There could be network connectivity issues. Make sure to have MTU=1500 in ESXi for VMKs and vSwitches. Also please be aware that any sort of teaming or any other network aggreagion are not supported https://www.starwindsoftware.com/best-p ... practices/.
Node2
6/21 5:00:41.382341 8b HA: Ssc_Request_Task::complete: Warning: sscRequestTask(0x0000000025CA2A90) Funciton(Execute SCSI Command) OpCode(0x42) ex(0x0) DiffTimeCompleteINIT = 3431 ms, DiffTimeCompleteEXEC = 3431 ms. Target: 'iqn.2008-08.com.starwindsoftware:10.0.1.61-vsan1'
6/21 5:00:42.842221 61 HA: Ssc_Request_Task::complete: Warning: sscRequestTask(0x000000002612B130) Funciton(Execute SCSI Command) OpCode(0xF3) ex(0x50) DiffTimeCompleteINIT = 3562 ms, DiffTimeCompleteEXEC = 3562 ms. Target: 'iqn.2008-08.com.starwindsoftware:10.0.1.61-vsan1'
6/21 5:00:44.572639 8b HA: Ssc_Request_Task::complete: Warning: sscRequestTask(0x0000000025CA2A90) Funciton(Execute SCSI Command) OpCode(0x42) ex(0x0) DiffTimeCompleteINIT = 3190 ms, DiffTimeCompleteEXEC = 3190 ms. Target: 'iqn.2008-08.com.starwindsoftware:10.0.1.61-vsan1'
6/21 5:00:45.869353 61 HA: Ssc_Request_Task::complete: Warning: sscRequestTask(0x000000002612B130) Funciton(Execute SCSI Command) OpCode(0xF3) ex(0x50) DiffTimeCompleteINIT = 3020 ms, DiffTimeCompleteEXEC = 3020 ms. Target: 'iqn.2008-08.com.starwindsoftware:10.0.1.61-vsan1'

Node2 again.
These events are fine
6/21 5:12:07.315933 b2 HA: DistSrwLock::EnterWriterOnTheDistributeSharersSide: (SWMRid = 0xCCCE) ENTER command on dist sharer(Id = 0xD2) can't be complete. Sharer return BUSY.

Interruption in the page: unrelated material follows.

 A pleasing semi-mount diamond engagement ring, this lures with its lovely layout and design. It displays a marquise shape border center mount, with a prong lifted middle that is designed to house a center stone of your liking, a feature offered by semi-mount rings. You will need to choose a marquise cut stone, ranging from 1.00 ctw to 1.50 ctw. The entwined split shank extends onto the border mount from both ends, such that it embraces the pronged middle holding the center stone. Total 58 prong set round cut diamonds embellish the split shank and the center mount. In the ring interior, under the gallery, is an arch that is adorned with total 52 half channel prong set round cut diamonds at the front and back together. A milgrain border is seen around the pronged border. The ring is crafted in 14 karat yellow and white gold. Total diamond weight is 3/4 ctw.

6/21 5:12:07.315953 b2 HA: DistSrwLock::EnterWriter: (SWMRid = 0xCCCE) retry #35 after sleep 63 ms..
They just say that destination is busy doing something.

Node1
This may be VAAI CAW hangs.
6/21 5:11:22.263999 1d5 HA: HANode::completeSscCommandRequest: (0x89) CHECK_CONDITION , sense: 0xe 0x1d/0x0 returned.

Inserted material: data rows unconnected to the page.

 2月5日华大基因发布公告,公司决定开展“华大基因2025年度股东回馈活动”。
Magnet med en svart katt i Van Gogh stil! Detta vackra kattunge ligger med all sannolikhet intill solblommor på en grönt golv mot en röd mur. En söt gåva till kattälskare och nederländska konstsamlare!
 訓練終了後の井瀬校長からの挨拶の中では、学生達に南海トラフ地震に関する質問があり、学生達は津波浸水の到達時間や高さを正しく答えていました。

Disable VAAI CAW and ATS inside ESXi https://kb.vmware.com/s/article/2146451.
If that does not help, disable it by editing the config file
1. Make sure HA devices are synchronized and the storage is available.
2. Stop StarWindVSA service on one VM.
3. Go to /opt/StarWind/StarWindVSA/drive_c/StarWind
4. Copy StarWind.cfg.
5. Open StarWind.cfg.
6. Locate <VaaiCawEnabled value="yes"/>
7. Change to <VaaiCawEnabled value="no"/>
6. Save and exit.
7. Start the service.
8. Repeat all the steps for another VM.